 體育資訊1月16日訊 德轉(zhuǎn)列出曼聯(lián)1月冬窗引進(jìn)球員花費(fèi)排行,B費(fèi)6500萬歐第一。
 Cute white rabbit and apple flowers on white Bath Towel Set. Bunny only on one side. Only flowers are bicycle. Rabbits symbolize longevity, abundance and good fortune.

* * *

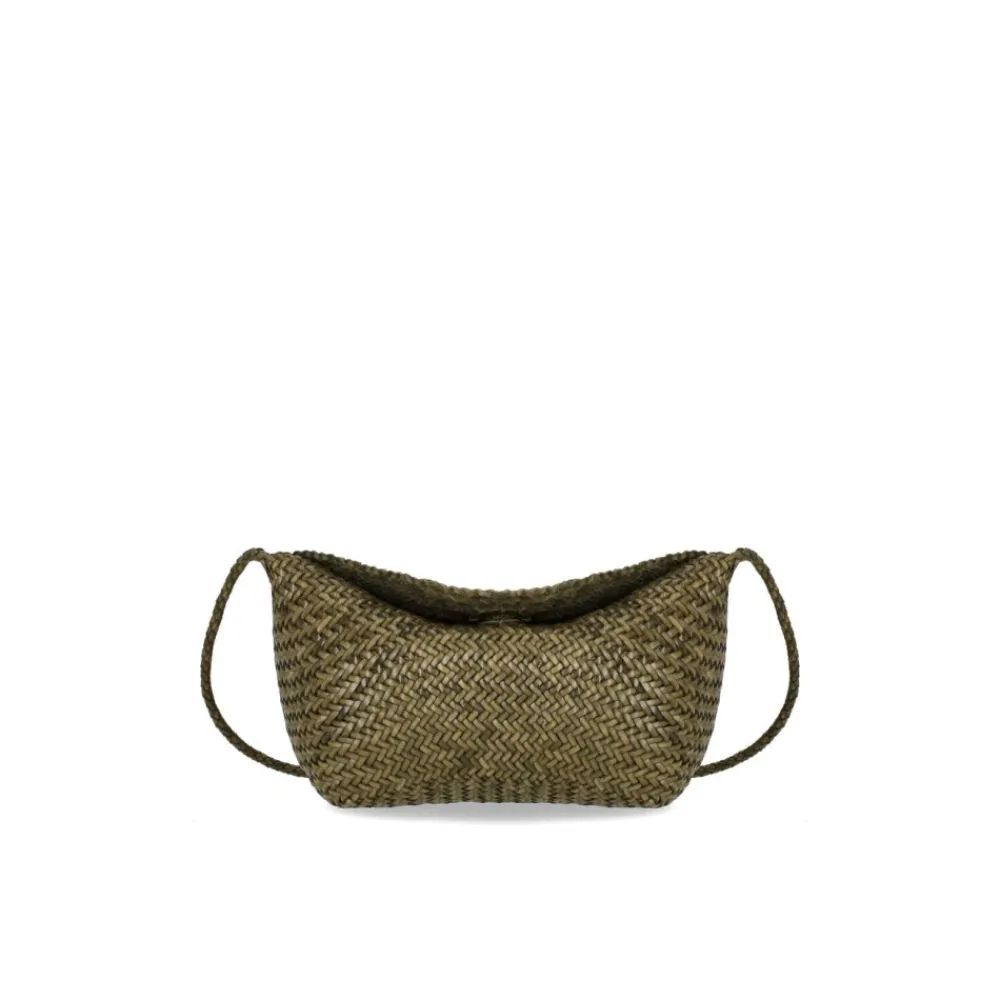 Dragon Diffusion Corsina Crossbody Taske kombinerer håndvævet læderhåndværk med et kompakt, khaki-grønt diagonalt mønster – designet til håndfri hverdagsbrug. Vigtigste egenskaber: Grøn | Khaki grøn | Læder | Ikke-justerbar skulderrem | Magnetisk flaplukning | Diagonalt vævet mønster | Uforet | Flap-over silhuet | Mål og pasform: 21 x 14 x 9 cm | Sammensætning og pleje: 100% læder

---

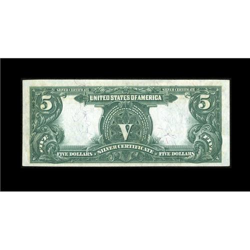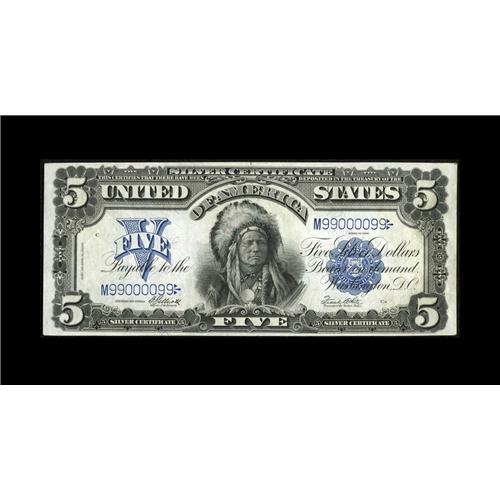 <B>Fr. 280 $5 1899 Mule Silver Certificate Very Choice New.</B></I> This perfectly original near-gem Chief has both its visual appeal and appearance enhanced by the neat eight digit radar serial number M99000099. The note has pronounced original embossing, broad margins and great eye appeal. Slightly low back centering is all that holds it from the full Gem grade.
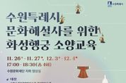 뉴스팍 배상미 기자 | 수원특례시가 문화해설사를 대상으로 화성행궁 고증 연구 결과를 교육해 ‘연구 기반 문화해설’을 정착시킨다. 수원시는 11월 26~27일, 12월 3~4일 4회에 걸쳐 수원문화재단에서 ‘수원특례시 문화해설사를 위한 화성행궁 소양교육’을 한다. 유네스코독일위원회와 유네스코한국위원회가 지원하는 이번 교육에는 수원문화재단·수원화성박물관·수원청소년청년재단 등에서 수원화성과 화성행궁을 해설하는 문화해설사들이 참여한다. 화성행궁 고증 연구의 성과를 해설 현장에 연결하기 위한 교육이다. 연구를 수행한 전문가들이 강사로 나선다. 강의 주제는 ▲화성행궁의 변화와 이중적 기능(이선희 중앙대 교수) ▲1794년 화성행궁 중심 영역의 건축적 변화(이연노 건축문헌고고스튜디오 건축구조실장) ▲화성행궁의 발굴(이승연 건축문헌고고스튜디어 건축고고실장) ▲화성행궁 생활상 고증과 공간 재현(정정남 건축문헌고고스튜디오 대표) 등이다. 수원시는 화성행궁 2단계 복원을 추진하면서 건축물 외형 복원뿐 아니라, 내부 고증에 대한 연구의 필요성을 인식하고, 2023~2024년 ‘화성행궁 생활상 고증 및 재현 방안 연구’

= Work order =
Repeat, character for character, the lines of the material above from the line with "體育資訊1月16日訊 德轉(zhuǎn)" through the line with "Cute white rabbit".

= Answer for this exercise =
 體育資訊1月16日訊 德轉(zhuǎn)列出曼聯(lián)1月冬窗引進(jìn)球員花費(fèi)排行,B費(fèi)6500萬歐第一。
 Cute white rabbit and apple flowers on white Bath Towel Set. Bunny only on one side. Only flowers are bicycle. Rabbits symbolize longevity, abundance and good fortune.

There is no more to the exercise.